(Excerpts from a dataset)

-------

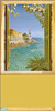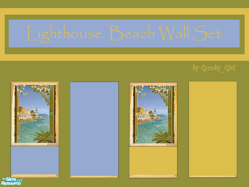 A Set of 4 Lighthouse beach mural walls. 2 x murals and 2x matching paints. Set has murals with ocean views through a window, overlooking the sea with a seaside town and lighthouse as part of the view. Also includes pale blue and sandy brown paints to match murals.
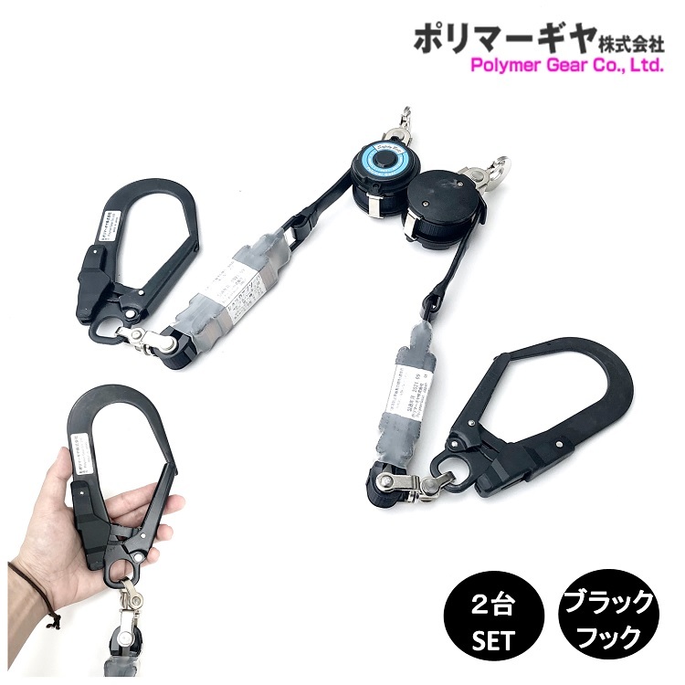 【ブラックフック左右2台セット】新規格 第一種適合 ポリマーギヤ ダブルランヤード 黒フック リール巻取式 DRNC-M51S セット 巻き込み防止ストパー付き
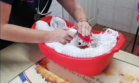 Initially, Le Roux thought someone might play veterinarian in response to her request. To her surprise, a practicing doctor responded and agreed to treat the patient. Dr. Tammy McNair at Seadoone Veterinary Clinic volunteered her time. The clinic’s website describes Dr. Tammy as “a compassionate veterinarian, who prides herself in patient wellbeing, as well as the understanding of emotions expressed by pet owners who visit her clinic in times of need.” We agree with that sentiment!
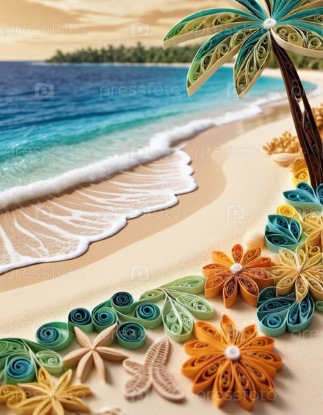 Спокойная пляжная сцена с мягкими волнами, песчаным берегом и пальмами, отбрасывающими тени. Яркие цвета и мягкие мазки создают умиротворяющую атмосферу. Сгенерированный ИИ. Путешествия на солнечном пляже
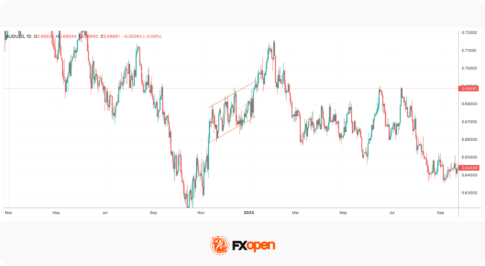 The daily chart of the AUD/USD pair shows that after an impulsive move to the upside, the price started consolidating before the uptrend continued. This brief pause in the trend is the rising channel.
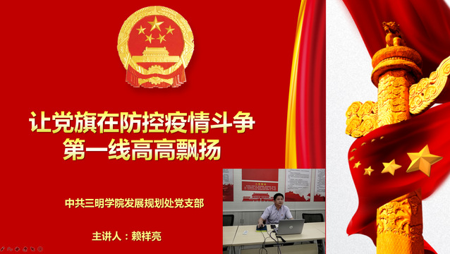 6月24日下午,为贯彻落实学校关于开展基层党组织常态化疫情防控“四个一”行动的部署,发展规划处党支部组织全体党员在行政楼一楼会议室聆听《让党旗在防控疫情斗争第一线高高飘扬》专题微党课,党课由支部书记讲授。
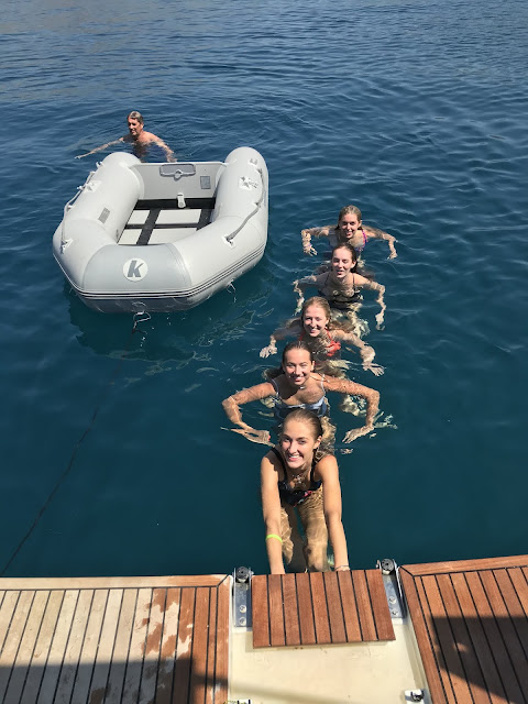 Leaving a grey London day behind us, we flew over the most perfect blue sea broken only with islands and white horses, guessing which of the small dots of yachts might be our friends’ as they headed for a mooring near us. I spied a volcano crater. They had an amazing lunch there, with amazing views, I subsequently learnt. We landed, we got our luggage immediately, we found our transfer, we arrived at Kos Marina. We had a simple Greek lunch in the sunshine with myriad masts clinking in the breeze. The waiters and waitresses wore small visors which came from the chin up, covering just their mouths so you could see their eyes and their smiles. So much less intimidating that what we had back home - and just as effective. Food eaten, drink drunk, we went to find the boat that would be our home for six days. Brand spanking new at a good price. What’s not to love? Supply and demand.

-------

* _About this task_:
I would like the exact lines from the data above, starting with the one that holds "Спокойная пляжная сцена" and going on through the one that holds "6月24日下午,为贯彻落实学", without the pictures.

* _Expected answer_:
 Спокойная пляжная сцена с мягкими волнами, песчаным берегом и пальмами, отбрасывающими тени. Яркие цвета и мягкие мазки создают умиротворяющую атмосферу. Сгенерированный ИИ. Путешествия на солнечном пляже
 The daily chart of the AUD/USD pair shows that after an impulsive move to the upside, the price started consolidating before the uptrend continued. This brief pause in the trend is the rising channel.
 6月24日下午,为贯彻落实学校关于开展基层党组织常态化疫情防控“四个一”行动的部署,发展规划处党支部组织全体党员在行政楼一楼会议室聆听《让党旗在防控疫情斗争第一线高高飘扬》专题微党课,党课由支部书记讲授。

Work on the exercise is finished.